§ Try it
Please return only the lines from the one holding "La recette Wellness" through the one holding "Почему профилактика на", exactly as they appear in the records below, both ends included.

§ Data in this exercise
┌────────

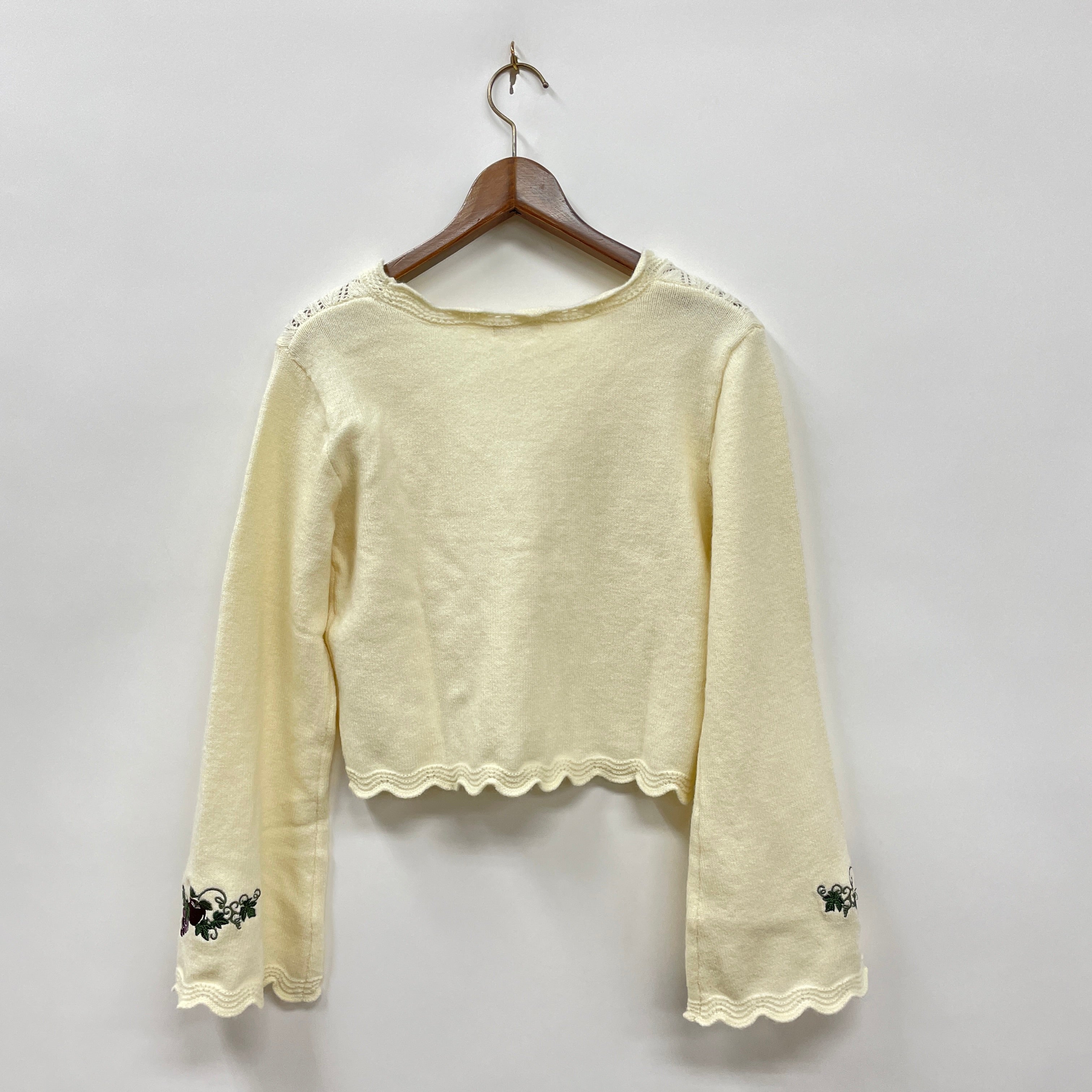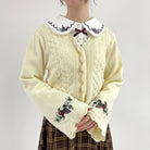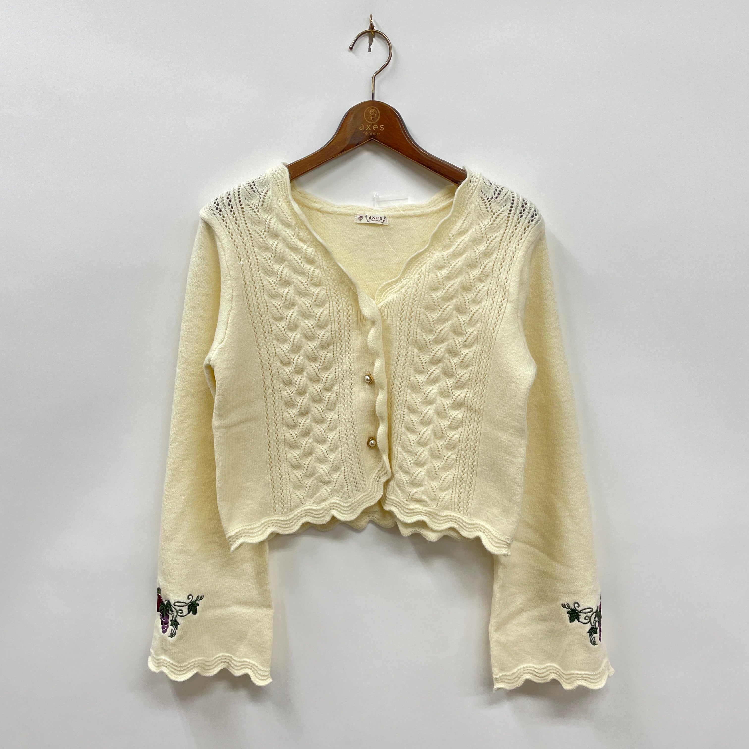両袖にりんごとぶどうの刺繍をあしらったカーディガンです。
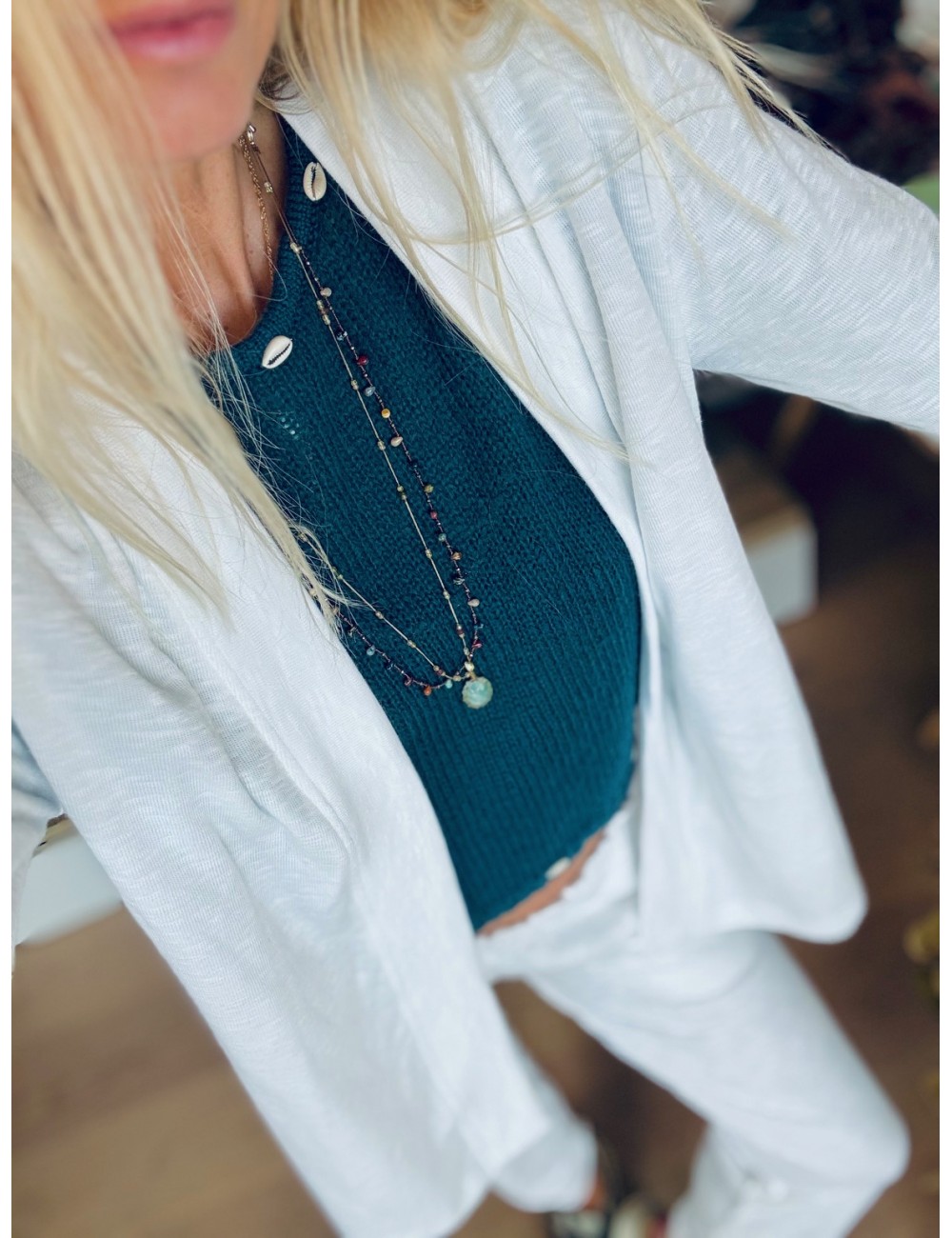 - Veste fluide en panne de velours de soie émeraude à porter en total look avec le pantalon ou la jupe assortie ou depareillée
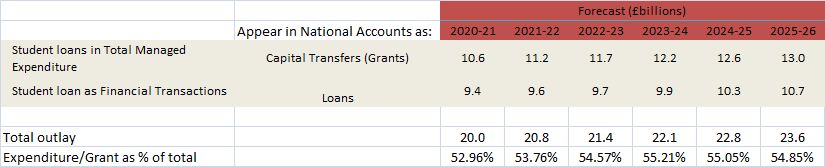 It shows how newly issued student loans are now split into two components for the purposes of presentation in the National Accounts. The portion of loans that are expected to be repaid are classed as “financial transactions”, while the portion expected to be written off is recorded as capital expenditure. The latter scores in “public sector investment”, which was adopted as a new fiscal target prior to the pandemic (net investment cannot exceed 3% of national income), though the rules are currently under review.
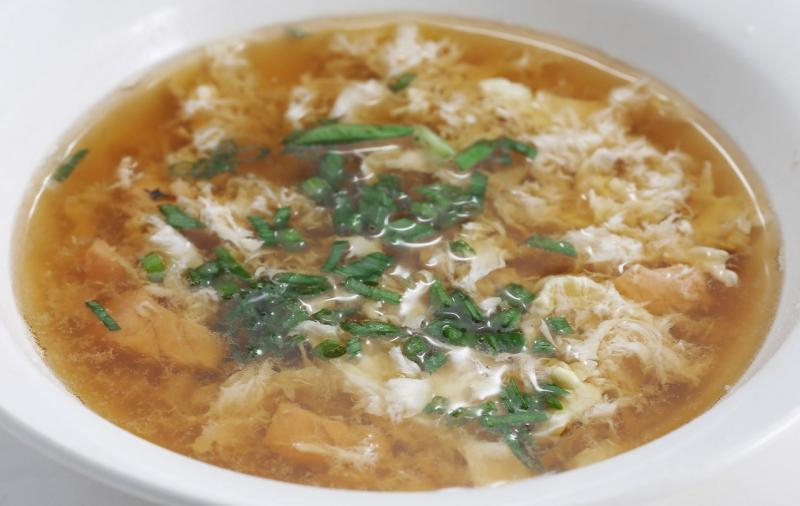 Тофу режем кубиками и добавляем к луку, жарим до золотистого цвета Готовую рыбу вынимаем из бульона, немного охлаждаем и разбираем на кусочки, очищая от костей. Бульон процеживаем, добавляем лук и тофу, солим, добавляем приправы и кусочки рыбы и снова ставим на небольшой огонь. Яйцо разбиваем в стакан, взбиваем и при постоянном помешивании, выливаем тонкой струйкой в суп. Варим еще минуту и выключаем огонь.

└────────
┌────────

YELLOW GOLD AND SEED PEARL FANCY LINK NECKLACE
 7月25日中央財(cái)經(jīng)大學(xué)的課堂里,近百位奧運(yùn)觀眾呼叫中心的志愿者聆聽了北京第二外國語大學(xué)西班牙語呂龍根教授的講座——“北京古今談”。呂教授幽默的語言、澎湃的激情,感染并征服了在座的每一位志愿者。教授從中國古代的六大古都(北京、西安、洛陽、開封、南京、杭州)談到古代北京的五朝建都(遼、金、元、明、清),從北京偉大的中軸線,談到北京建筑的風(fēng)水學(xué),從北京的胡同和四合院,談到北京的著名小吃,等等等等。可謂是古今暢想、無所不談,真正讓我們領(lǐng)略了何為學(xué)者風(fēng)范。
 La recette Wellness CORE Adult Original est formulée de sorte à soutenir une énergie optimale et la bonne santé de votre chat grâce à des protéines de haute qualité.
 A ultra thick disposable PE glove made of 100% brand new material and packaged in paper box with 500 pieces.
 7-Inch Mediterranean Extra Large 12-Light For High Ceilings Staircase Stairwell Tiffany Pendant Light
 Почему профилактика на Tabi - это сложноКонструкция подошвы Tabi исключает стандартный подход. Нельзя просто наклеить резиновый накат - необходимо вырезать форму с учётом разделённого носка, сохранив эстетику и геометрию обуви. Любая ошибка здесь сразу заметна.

└────────

§ Solution
 La recette Wellness CORE Adult Original est formulée de sorte à soutenir une énergie optimale et la bonne santé de votre chat grâce à des protéines de haute qualité.
 A ultra thick disposable PE glove made of 100% brand new material and packaged in paper box with 500 pieces.
 7-Inch Mediterranean Extra Large 12-Light For High Ceilings Staircase Stairwell Tiffany Pendant Light
 Почему профилактика на Tabi - это сложноКонструкция подошвы Tabi исключает стандартный подход. Нельзя просто наклеить резиновый накат - необходимо вырезать форму с учётом разделённого носка, сохранив эстетику и геометрию обуви. Любая ошибка здесь сразу заметна.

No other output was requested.